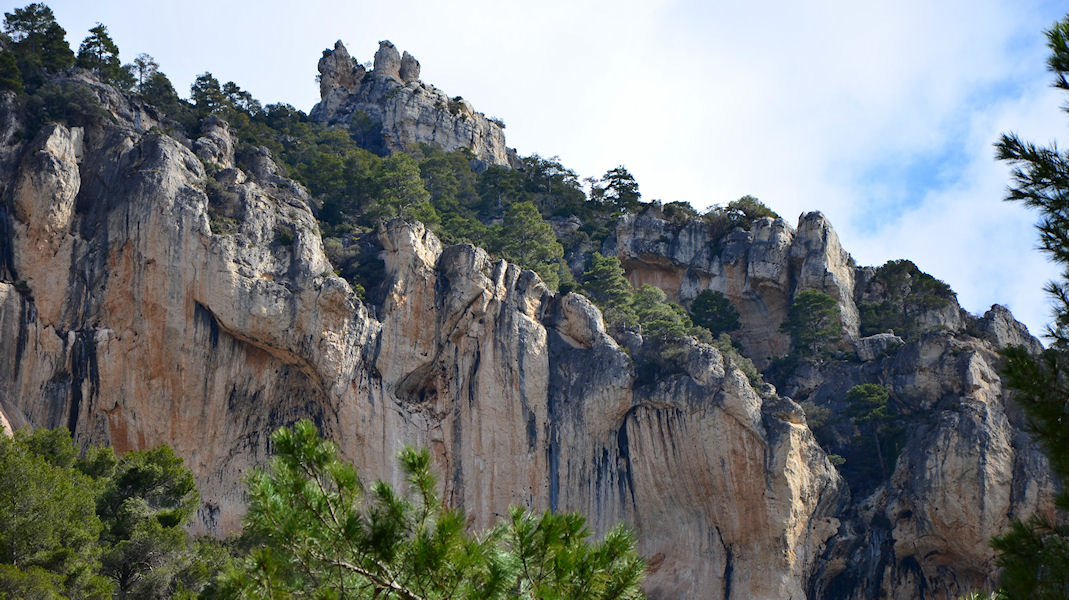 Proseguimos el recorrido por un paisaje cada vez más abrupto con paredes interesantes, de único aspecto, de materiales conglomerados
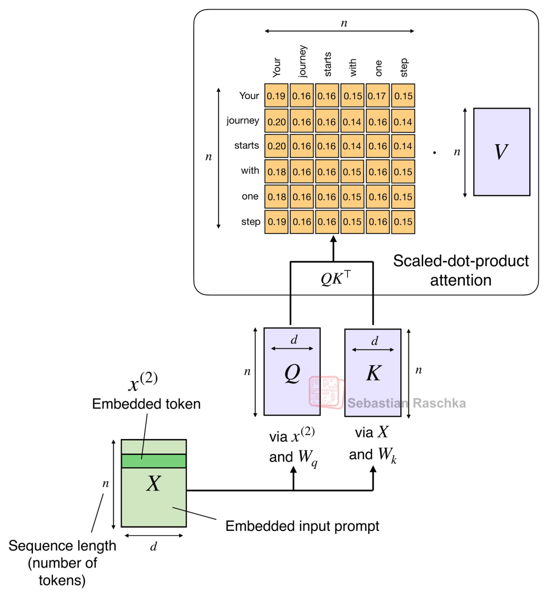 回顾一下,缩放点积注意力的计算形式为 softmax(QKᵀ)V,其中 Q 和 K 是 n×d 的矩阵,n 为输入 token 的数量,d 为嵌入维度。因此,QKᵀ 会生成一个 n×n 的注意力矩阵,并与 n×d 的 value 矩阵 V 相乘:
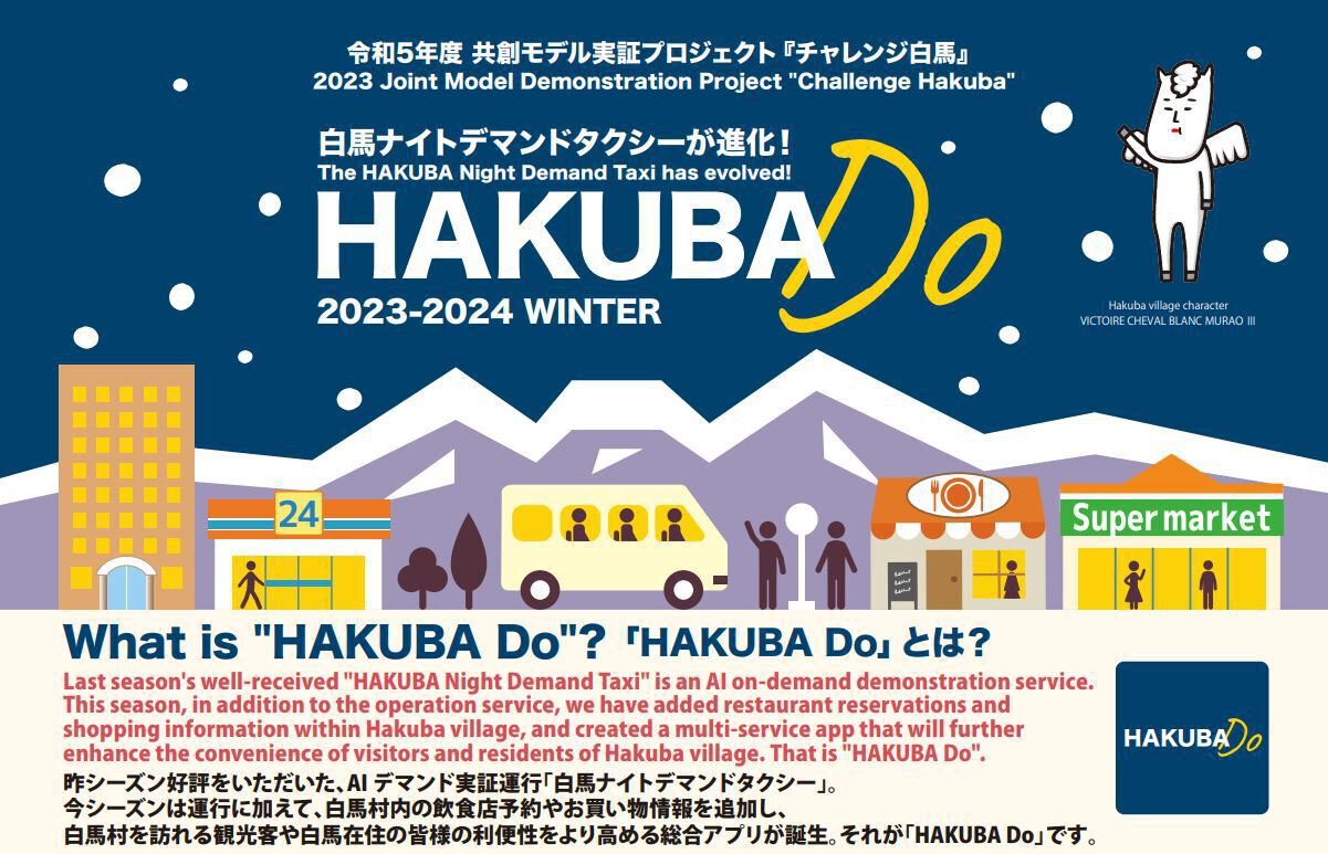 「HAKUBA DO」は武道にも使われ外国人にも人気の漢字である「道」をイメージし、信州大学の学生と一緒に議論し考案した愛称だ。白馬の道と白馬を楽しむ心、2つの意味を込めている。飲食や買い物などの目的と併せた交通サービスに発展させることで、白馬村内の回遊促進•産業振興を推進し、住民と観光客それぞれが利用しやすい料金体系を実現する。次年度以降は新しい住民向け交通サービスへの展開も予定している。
--*--
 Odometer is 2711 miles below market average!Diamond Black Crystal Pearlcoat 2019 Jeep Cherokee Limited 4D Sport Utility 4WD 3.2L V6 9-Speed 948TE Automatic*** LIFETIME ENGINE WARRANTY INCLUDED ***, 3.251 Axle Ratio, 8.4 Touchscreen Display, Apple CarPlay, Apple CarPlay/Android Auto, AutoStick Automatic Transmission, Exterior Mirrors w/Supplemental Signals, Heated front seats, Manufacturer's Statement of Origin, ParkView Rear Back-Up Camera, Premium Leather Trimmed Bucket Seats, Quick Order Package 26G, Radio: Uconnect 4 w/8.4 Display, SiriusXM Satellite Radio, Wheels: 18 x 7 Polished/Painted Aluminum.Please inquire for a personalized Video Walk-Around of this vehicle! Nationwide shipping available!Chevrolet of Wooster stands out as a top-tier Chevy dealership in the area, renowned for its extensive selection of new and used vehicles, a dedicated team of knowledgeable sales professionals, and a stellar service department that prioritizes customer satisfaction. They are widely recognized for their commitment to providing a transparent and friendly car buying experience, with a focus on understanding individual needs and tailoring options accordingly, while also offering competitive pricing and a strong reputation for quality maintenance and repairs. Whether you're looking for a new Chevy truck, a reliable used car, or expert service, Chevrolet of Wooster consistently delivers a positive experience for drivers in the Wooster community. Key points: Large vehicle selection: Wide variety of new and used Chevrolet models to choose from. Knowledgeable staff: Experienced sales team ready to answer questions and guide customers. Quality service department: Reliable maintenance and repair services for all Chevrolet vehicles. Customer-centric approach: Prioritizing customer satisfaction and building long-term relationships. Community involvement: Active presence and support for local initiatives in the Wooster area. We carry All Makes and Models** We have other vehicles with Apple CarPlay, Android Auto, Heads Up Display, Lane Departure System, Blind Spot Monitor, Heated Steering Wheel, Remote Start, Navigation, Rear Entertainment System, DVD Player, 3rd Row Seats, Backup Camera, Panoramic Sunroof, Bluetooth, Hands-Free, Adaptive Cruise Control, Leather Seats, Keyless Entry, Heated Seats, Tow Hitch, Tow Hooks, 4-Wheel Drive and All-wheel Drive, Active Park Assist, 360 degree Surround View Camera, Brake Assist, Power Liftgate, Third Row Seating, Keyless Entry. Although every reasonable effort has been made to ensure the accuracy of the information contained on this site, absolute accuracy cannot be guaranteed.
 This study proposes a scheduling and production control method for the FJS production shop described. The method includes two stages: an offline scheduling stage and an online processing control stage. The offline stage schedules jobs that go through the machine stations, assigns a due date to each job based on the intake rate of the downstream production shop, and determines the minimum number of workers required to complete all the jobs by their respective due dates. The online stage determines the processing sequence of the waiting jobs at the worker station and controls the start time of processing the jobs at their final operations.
--*--
_Exercise details_
Using the records above, return word for word the lines that begin at the one containing "Proseguimos el recorrido" and end at the one containing "回顾一下,缩放点积注意力的计算形式为 softmax(QKᵀ)V,其中 Q", both of them included and no pictures.

_Exercise output_
 Proseguimos el recorrido por un paisaje cada vez más abrupto con paredes interesantes, de único aspecto, de materiales conglomerados
 回顾一下,缩放点积注意力的计算形式为 softmax(QKᵀ)V,其中 Q 和 K 是 n×d 的矩阵,n 为输入 token 的数量,d 为嵌入维度。因此,QKᵀ 会生成一个 n×n 的注意力矩阵,并与 n×d 的 value 矩阵 V 相乘:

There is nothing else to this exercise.